GIVEN ENTRIES:
⟨

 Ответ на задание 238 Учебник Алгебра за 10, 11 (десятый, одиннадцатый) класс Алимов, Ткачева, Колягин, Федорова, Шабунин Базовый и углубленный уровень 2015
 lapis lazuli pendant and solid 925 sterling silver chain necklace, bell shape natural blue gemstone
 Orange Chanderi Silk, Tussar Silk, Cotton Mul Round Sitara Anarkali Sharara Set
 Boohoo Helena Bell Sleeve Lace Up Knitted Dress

⟩
⟨

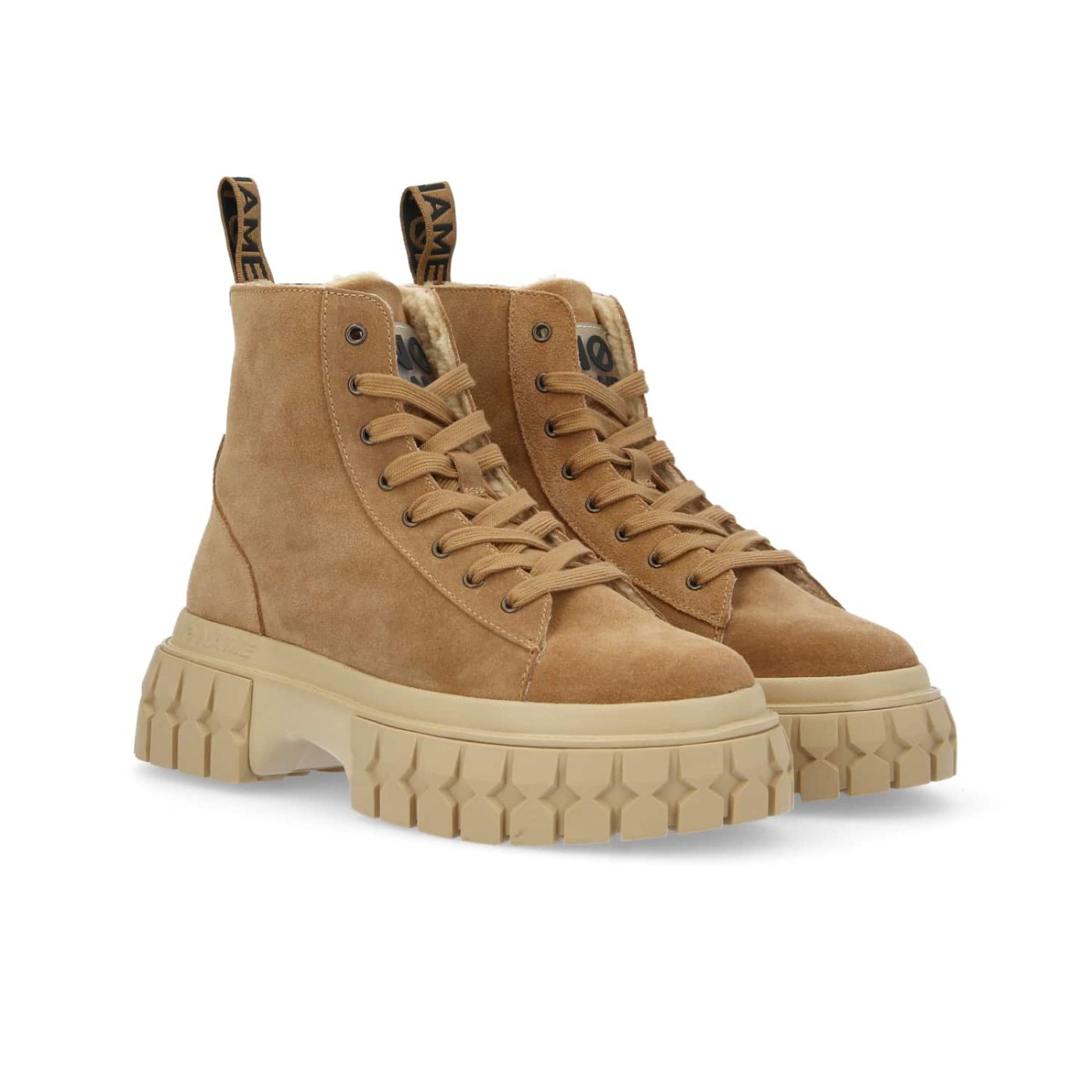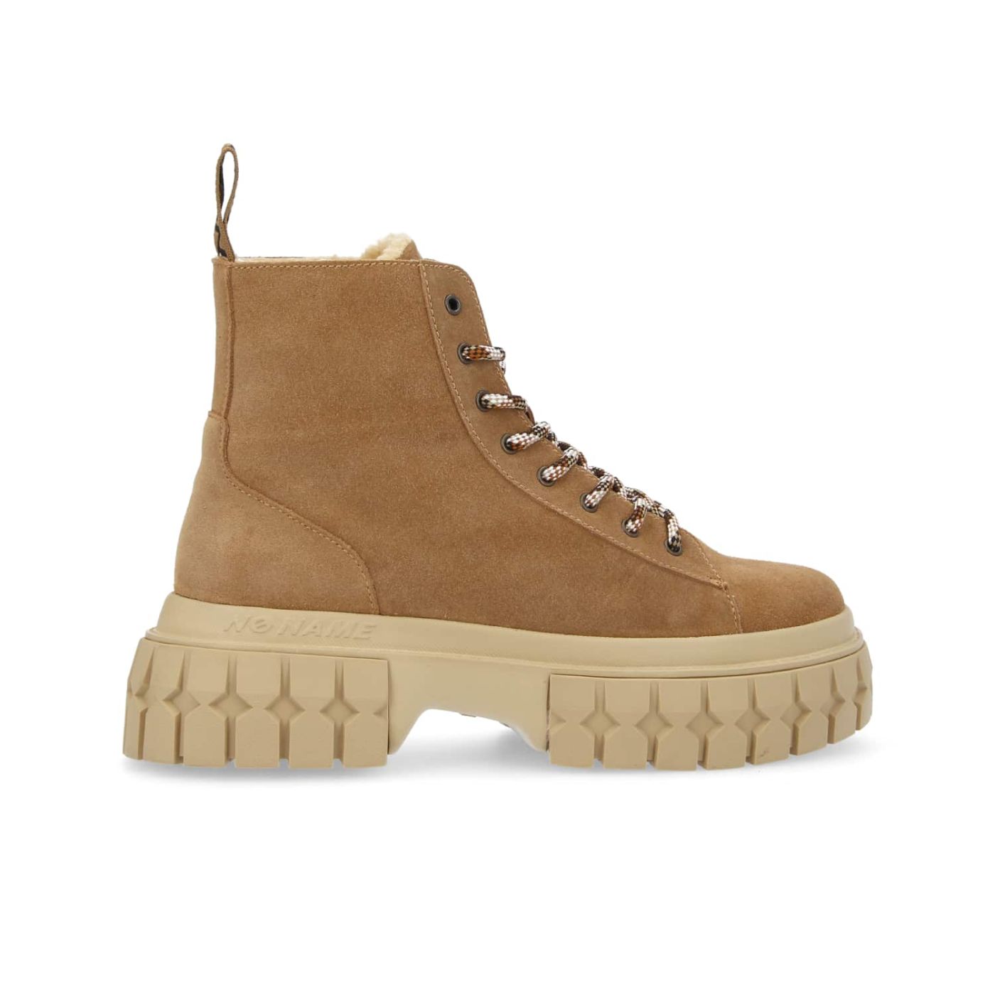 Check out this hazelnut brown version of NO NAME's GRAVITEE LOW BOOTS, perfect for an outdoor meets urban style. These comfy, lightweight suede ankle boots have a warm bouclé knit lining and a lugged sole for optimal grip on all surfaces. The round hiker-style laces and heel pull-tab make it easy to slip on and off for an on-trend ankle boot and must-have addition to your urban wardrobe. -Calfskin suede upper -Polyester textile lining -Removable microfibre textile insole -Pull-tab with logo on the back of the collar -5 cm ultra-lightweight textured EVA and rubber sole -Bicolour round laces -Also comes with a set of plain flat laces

⟩

WORK TASK: Using the data above, repeat exactly the lines that begin at the line with "lapis lazuli pendant" and end at the line with "Boohoo Helena Bell", both ends included.

RESPONSE FOR THIS EXERCISE:
 lapis lazuli pendant and solid 925 sterling silver chain necklace, bell shape natural blue gemstone
 Orange Chanderi Silk, Tussar Silk, Cotton Mul Round Sitara Anarkali Sharara Set
 Boohoo Helena Bell Sleeve Lace Up Knitted Dress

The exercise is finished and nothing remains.